Prominent cryptocurrency analyst Willy Woo has provided a detailed breakdown of the structural factors contributing to the recent underperformance of altcoins compared to Bitcoin (BTC). According to Woo, the liquidation processes following the collapse of the FTX exchange created a unique market mechanic that effectively transferred potential gains from retail investors to institutional hedge funds. This cycle of selling and hedging has suppressed the valuation of various digital assets, leaving the broader altcoin market in a sluggish state throughout the 2023-2025 period.
Institutional Hedging and the Solana Impact
The core of the issue lies in how the FTX bankruptcy estate managed its recovered assets, particularly large tranches of Solana (SOL). The liquidation team sold locked tokens at a significant discount—often exceeding 60% of the market price—to specialized hedge funds through private legal agreements. To secure their profits, these funds immediately entered short positions on the futures market to hedge against price volatility.
- Hedge funds acquired locked assets at steep discounts via over-the-counter (OTC) deals.
- Gains were locked in by shorting futures contracts, creating constant downward pressure on spot prices.
- These market-neutral strategies yielded estimated risk-free returns of 70-80% for institutional players.
This mechanism essentially converted the "alpha" or outperformance potential of the projects into guaranteed yields for sophisticated financial entities, rather than allowing value to accrue to the tokens' circulating supply.

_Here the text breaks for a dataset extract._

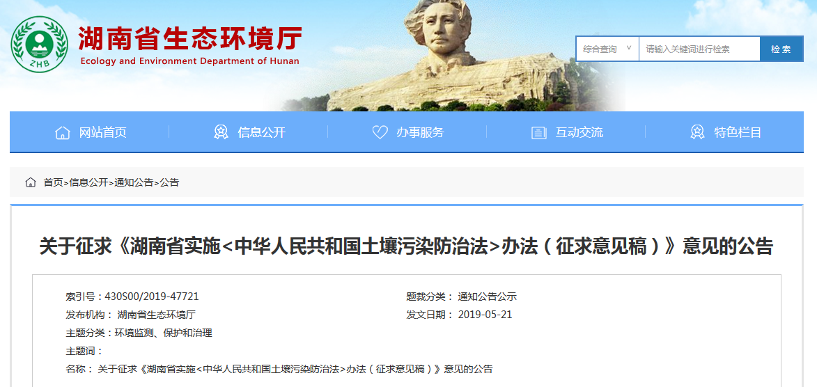 近日,湖南省生態(tài)環(huán)境廳發(fā)布《湖南省實(shí)施<中華人民共和國(guó)土壤污染防治法>辦法(征求意見(jiàn)稿)》,詳情如下:根據(jù)省人大立法計(jì)劃,我廳組織起草了《湖南省實(shí)施<中華人民共和國(guó)土壤污染防治法>辦法(征求意見(jiàn)稿)》(見(jiàn)附件)。為提高立法質(zhì)量,現(xiàn)公開(kāi)征求意見(jiàn),請(qǐng)將修改意見(jiàn)通過(guò)傳真或電子郵件等...

Broader Market Implications and the BTC Dominance
Woo noted that the trend extended beyond the FTX estate, as other project founders and foundations began selling locked tokens to hedge funds prematurely. This preemptive distribution allowed insiders and funds to offload risk into the futures market, further stifling price action for most crypto projects. While the altcoin market struggled under this weight, Bitcoin remained relatively insulated from these specific liquidation dynamics, leading to its continued dominance.
This led to sluggish performance for most crypto projects from 2023-2025, while BTC relatively outperformed. The selling pressure related to the next market cycle may have already been released in advance.
The analyst suggests that while this process has been painful for holders of alternative cryptocurrencies, it may have resulted in the "front-loading" of selling pressure. Consequently, the supply overhang that typically occurs during a bull market peak might have already been absorbed. For individual participants, Woo maintains a cautious outlook on the current cycle, suggesting that holding Bitcoin remains the most viable strategy given the current structural disadvantages facing smaller-cap assets.